The main gate stood open as its massive doors had been smashed down decades before. More debris had been arranged there, forming a series of small walls across the main road. While the soldiers stationed there would not survive long, the presence of the walls meant troops would have to slow to cross them. This would leave them very vulnerable to archers and dra-conetteers.

Adrogans also wondered about skycasters, thunderballs, and boombags. Their judicious placement would devastate his force, but he had no way to discover or disable them. And if he approached cautiously, as if they existed, and they did not, the assault would take far longer than it should. Yet, if he went in recklessly and they were employed, his force would be slain. There was no middle ground.

I must win with blood what I would have preferred to take with strategy.

Nor was it a good day for battle. Before dawn a cold north wind had begun to howl through the streets.

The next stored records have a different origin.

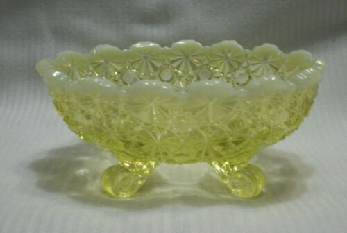 Vintage Yellow Depression Opalescent Glass Daisy & Buttons Candy Dish GLOWS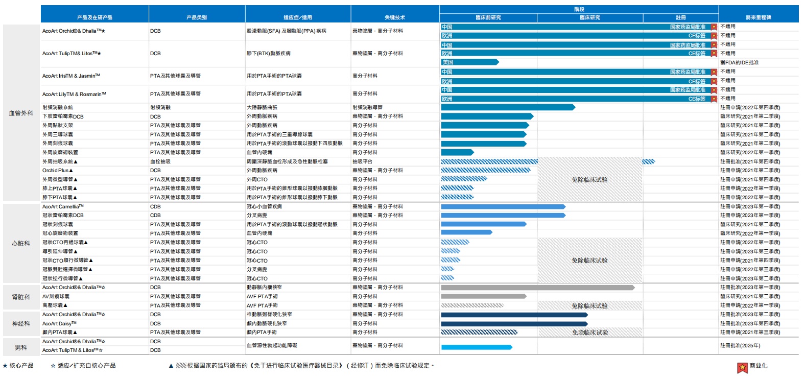 此次财报同时披露了一项针对其获批产品AcoArt Orchid&Dhalia的临床研究结果。该研究是一项针对自体动静脉通路狭窄的多中心,前瞻性,随机对照临床研究,表明实验组6个月Freedom-TLR(即目标病变在手术后6个月内没有再次进行治疗的比率)数据为91.3%,对照组为66.7%。而国产DCB在同类临床实验中的此结果为85.9%,某进口DCB同类结果为82.2%。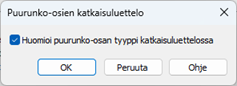 Puurunko-osien katkaisuluettelon asetuksissa voidaan valita, huomioidaanko tyyppi.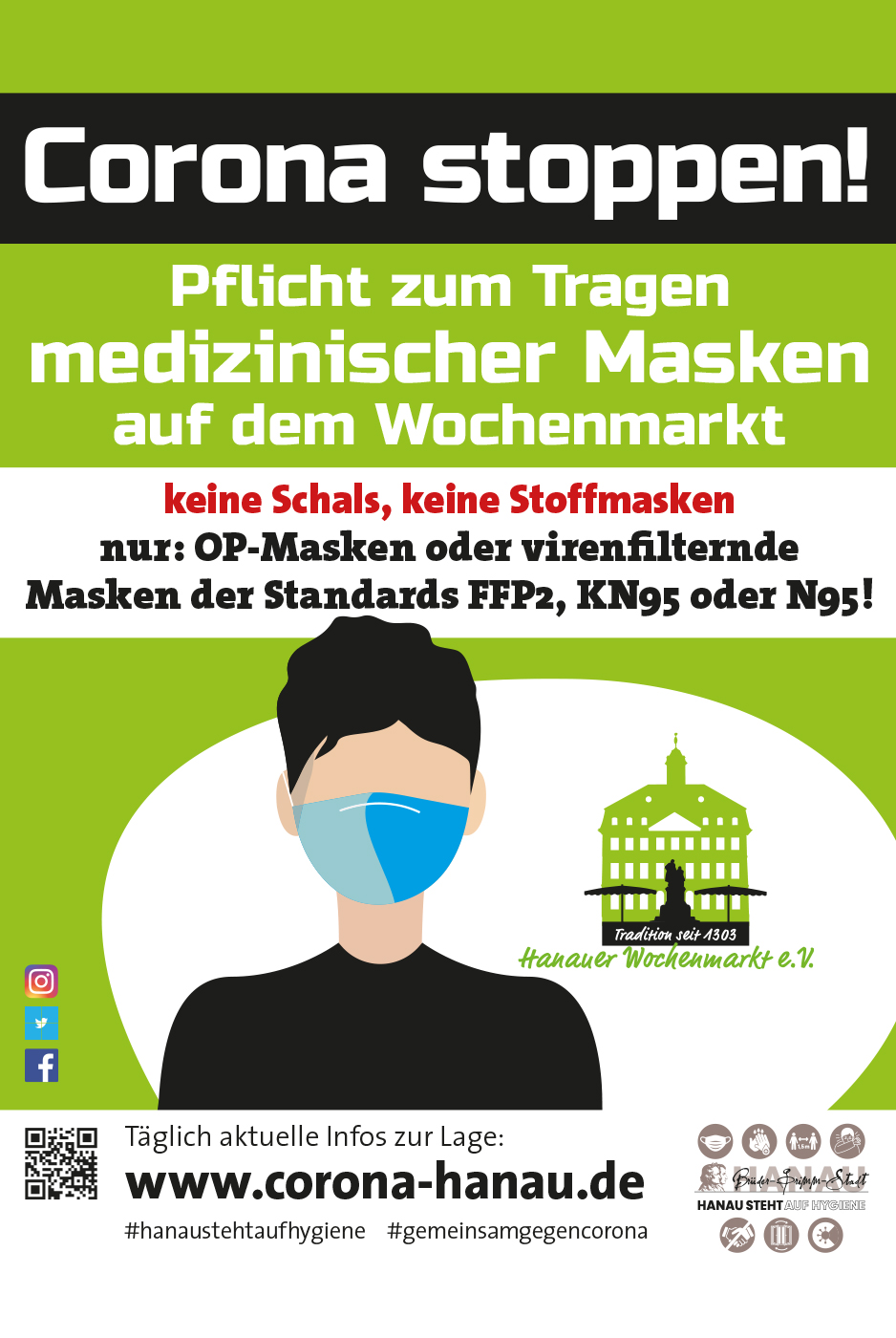 Die selbstgenähten Alltagsmasken oder eine einfache Mund-Nasen-Bedeckungen sind dann dort nicht mehr zugelassen – es ist die sichtbarste Erweiterung. Getroffen, so die Landesregierung, weil die empfohlenen Mindestabstände oft nicht eingehalten werden können. Die Stadt Hanau hilft an dieser Stelle ganz praktisch und stellt etwa den Hanau-Pass-Inhabern und -Inhaberinnen kostenfrei medizinische Masken zur Verfügung.

Snowflakes started to fall. Though not thick, the wind drove the snow south, so his men would be marching against the wind. Worse yet, their arrows would be shot into it and, worst of all, the clouds to the north crept toward the city, promising much more snow.

“Signal the advance.”

The signalman blew the advance and other buglers picked it up and repeated it. Above the battlefield his remaining Warhawks flew. They dove repeatedly at the wall above the main gate. Their firecocks exploded brilliantly, their spears and arrows skewering soldiers. Burning oil sent fiery streamers down the wall and his men cheered as if that were an omen of victory.